As children grow older, giving them a small budget to manage can have a big impact. This could be an allowance, or you could ask them to manage the money they earn from chores or part time jobs. Help them learn how to allocate money for different purposes such as savings, spending, and giving. Teach them the value of saving for something bigger, like a holiday or a more expensive item they want.

Incorporate Games and Activities

There are plenty of games and activities that can make financial education fun. Board games like Monopoly help children understand money management in an engaging way. You could also create simple “shopping” games at home where kids use play money to purchase items, or start a family savings challenge to encourage saving goals.
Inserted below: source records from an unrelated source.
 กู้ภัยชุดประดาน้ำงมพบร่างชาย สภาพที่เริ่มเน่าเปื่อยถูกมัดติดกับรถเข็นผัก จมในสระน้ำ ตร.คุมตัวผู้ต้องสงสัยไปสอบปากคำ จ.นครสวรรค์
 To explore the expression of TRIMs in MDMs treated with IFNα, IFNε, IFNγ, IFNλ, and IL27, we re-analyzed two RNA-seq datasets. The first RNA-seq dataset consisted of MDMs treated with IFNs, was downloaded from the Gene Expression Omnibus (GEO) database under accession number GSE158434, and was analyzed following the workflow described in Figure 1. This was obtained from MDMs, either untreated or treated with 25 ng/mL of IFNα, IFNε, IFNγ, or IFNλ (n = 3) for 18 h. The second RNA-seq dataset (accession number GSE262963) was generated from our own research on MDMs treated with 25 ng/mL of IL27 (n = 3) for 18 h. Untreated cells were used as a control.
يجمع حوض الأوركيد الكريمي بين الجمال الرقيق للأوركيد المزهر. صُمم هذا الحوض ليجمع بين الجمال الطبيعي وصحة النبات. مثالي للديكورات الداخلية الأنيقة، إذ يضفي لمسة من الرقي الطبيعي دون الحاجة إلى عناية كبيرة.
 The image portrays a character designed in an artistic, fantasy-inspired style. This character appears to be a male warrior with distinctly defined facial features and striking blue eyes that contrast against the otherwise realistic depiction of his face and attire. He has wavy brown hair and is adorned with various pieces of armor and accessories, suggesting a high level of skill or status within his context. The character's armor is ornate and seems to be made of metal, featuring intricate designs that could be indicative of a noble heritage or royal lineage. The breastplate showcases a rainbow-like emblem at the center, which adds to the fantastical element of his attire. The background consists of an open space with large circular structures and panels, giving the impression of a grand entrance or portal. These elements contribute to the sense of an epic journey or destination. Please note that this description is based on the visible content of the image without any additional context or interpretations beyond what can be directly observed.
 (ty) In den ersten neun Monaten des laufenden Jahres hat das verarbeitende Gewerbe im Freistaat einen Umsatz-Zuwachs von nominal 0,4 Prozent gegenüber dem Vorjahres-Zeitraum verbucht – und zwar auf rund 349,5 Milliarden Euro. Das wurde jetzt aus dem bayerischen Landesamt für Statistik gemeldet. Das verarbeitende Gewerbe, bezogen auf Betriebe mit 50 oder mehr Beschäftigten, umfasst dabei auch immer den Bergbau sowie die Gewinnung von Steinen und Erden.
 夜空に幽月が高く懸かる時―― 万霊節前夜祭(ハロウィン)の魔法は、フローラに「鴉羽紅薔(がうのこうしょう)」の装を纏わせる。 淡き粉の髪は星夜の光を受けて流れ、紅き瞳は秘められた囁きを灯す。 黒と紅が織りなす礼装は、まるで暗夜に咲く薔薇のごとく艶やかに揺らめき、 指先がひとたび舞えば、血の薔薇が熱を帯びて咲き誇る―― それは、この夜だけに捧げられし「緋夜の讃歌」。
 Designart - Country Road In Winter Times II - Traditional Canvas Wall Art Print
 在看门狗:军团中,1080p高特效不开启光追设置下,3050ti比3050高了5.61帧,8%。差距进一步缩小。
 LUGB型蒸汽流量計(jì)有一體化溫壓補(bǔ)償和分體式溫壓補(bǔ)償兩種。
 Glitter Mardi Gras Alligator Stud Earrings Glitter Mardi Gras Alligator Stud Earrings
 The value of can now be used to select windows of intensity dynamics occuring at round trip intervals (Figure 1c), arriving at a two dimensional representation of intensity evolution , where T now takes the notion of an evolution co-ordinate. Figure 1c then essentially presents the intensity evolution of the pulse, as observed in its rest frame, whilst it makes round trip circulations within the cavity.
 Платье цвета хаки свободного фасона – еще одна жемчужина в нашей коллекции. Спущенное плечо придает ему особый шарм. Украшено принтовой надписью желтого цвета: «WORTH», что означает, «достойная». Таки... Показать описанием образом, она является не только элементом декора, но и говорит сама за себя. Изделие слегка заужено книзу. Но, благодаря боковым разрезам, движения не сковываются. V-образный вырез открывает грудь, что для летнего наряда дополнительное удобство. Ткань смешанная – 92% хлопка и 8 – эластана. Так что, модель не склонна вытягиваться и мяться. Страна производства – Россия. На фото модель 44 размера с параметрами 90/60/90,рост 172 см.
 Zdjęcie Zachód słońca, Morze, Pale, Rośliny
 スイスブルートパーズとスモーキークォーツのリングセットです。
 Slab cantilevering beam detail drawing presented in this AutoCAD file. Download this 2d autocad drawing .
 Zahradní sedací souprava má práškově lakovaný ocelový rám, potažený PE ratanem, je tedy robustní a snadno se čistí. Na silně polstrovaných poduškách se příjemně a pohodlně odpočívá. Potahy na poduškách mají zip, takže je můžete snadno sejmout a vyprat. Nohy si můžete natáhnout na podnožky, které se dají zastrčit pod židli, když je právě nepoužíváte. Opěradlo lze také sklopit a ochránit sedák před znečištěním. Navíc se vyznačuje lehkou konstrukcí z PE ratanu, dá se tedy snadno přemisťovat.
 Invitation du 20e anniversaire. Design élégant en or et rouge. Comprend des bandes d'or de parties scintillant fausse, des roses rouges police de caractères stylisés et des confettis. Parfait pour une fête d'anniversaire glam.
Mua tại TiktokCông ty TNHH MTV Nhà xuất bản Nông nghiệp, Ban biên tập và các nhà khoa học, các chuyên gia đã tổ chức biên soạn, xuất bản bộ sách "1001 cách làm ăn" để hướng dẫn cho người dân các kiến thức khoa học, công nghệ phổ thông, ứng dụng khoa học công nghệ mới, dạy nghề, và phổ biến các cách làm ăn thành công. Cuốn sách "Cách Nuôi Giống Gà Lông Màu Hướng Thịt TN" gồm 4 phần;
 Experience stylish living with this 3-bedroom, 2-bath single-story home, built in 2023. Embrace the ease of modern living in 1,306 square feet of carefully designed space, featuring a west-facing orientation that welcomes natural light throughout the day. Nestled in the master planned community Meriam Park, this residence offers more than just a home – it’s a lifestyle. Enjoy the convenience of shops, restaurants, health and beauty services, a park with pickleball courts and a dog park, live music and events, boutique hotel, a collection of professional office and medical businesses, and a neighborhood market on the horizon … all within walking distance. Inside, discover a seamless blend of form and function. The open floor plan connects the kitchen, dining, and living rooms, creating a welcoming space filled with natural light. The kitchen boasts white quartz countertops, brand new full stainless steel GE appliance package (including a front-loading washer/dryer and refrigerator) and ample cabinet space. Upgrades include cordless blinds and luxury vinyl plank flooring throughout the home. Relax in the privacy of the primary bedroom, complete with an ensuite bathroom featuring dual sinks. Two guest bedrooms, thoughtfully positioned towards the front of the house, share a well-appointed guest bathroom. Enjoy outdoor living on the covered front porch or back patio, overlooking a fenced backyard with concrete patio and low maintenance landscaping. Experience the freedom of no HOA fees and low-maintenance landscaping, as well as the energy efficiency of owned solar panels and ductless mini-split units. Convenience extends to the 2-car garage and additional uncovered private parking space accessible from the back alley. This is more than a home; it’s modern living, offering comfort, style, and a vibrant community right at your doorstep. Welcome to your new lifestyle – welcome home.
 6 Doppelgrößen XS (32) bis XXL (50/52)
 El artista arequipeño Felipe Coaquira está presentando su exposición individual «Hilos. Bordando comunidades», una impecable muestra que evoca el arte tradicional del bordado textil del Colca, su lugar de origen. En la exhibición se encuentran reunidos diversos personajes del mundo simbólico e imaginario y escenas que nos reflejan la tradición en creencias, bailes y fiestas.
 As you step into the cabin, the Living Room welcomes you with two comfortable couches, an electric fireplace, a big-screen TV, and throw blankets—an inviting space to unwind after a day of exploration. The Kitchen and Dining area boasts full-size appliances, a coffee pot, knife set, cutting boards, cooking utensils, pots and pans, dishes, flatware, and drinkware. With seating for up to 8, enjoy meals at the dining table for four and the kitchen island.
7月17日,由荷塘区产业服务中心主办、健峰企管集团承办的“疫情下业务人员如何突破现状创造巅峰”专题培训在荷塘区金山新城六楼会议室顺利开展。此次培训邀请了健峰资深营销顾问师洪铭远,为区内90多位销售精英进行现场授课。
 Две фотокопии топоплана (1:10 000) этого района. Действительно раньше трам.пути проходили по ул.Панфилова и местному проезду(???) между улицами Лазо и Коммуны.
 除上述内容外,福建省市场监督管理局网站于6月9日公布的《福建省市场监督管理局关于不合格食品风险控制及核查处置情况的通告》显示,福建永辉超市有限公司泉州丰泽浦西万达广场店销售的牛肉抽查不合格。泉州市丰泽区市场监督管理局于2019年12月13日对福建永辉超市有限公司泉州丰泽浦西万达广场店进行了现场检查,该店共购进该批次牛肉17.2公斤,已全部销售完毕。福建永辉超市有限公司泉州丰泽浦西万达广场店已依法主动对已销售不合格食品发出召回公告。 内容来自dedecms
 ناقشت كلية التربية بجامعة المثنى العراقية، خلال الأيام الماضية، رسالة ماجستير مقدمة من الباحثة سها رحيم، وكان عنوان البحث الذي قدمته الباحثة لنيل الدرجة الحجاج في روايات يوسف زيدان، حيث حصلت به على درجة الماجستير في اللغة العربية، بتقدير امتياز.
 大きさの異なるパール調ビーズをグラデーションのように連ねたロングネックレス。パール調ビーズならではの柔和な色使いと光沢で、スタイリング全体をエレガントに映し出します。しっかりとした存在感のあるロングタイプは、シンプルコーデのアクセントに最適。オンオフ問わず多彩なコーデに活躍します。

Talk About Saving and Investing

As your children become teenagers, start talking about the importance of saving for the future, even if it's just small amounts. Discuss how putting money aside for long term goals, like higher education or a car, can help them avoid debt and live more comfortably in the future. Introduce the concept of investing, explaining that it can help money grow over time and encourage them to take an interest in how investments work.

The Long Term Benefits of Financial Education

By teaching kids about money from an early age, you’re not just setting them up to avoid financial mistakes, you are also giving them the tools to thrive in an increasingly complex world. Financial education fosters independence, resilience, and a sense of responsibility. It empowers children to make informed decisions that can have a positive impact on their future, helping them build a life of financial security and peace of mind.

At Fair for You, we believe that every child deserves the chance to develop these important skills, and we’re committed to supporting families on their financial journeys. The more we can do to prepare the next generation for success, the more we’ll all benefit in the long run.